Granuloma annulare

Published: 09th September 2008
Views: N/A

Granuloma annulare is a chronic skin condition consisting of raised, ruddy or skin-colored bumps (lesions) that type ring patterns, generally on your hands and feet. It appears most frequently over knuckles and other joints or in places that are subject to common, mild injury such as the back of the hands or top of the feet. GA is rarely quite widespread and this may be an entirely different condition. In these cases the bumps are often smaller and the rings harder to see. Granuloma annulare is a raised, bumpy, or ring-shaped lesion, which can arise singly or in groups on the skin. It is seen most frequently in older children and young adults.

Women are twice as probable as are men to grow granuloma annulare. Main reason of Granuloma annulare is reaction in the immune system. Granuloma annulare is most frequently confused with ringworm. It also may glance like insect bites. This is the initial lesion of Lyme disease, which is called erythema migraines. There is a few evidence that granuloma annulare, particularly the general form, is more common in people with diabetes or thyroid disease. In majority cases no treatment is required because the patches vanish by themselves in a few months leaving no trace.

If lesions are widespread or cosmetically undesirable, there are numerous treatment options. Steroids can thin the skin and should be used according to your dermatologist's directions. In severe cases of generalized granuloma annulare, your doctor may advocate a special kind of ultraviolet light therapy called psoralen plus ultraviolet A (PUVA). PUVA may be used to treat widespread disease. This treatment combines exposure to ultraviolet light (phototherapy) with drugs called psoralens, which assist make your skin more receptive to the effects of ultraviolet light.

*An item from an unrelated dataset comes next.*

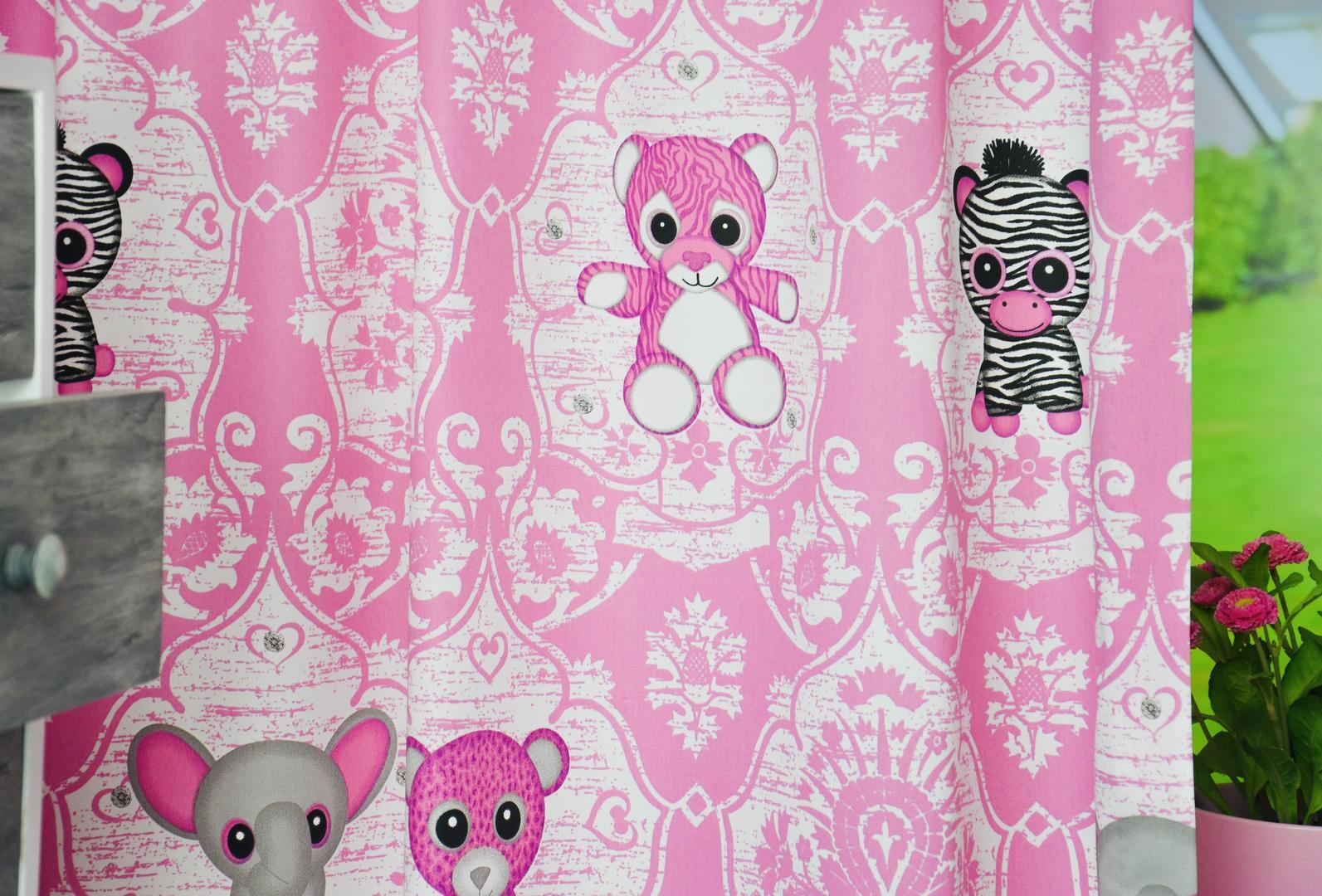 Schattige kraaloogjes kijken naar je vanaf dit gordijn. De troetelige diertjes zijn gedrukt op satijnzachte, soepelvallende stof. De roze ondergrondkleur is fraai poederig gekozen, waardoor het geheel extra lieflijk wordt! De knuffelbeer is maar liefst 15 cm groot en de ornamenten vorm om de dieren heen is zelfs 20 x 30 cm. Door dit royale patroon is dit gordijn heel geschikt voor grote raamoppervlaktes en confectie tot de grond. Mag Ollie Olifant met zijn twinkeloogjes bij jou komen wonen?

Sometimes it is useful to apply a strong steroid preparation to the skin or steroids can be injected into the bumps themselves. Little plaques can be frozen (cryotherapy). Topical imiquimod and topical calcineurin inhibitors have been reported to assist individual cases. Apply a prescription cortisone cream to the skin. Cortisone can be injected into the lesions themselves if topicals fail. Other treatments occasionally tried when these fail are Dapsone, potassium Iodide and oral steroids.

Juliet Cohen writes articles for beauty tips. She also writes articles for hairstyles gallery.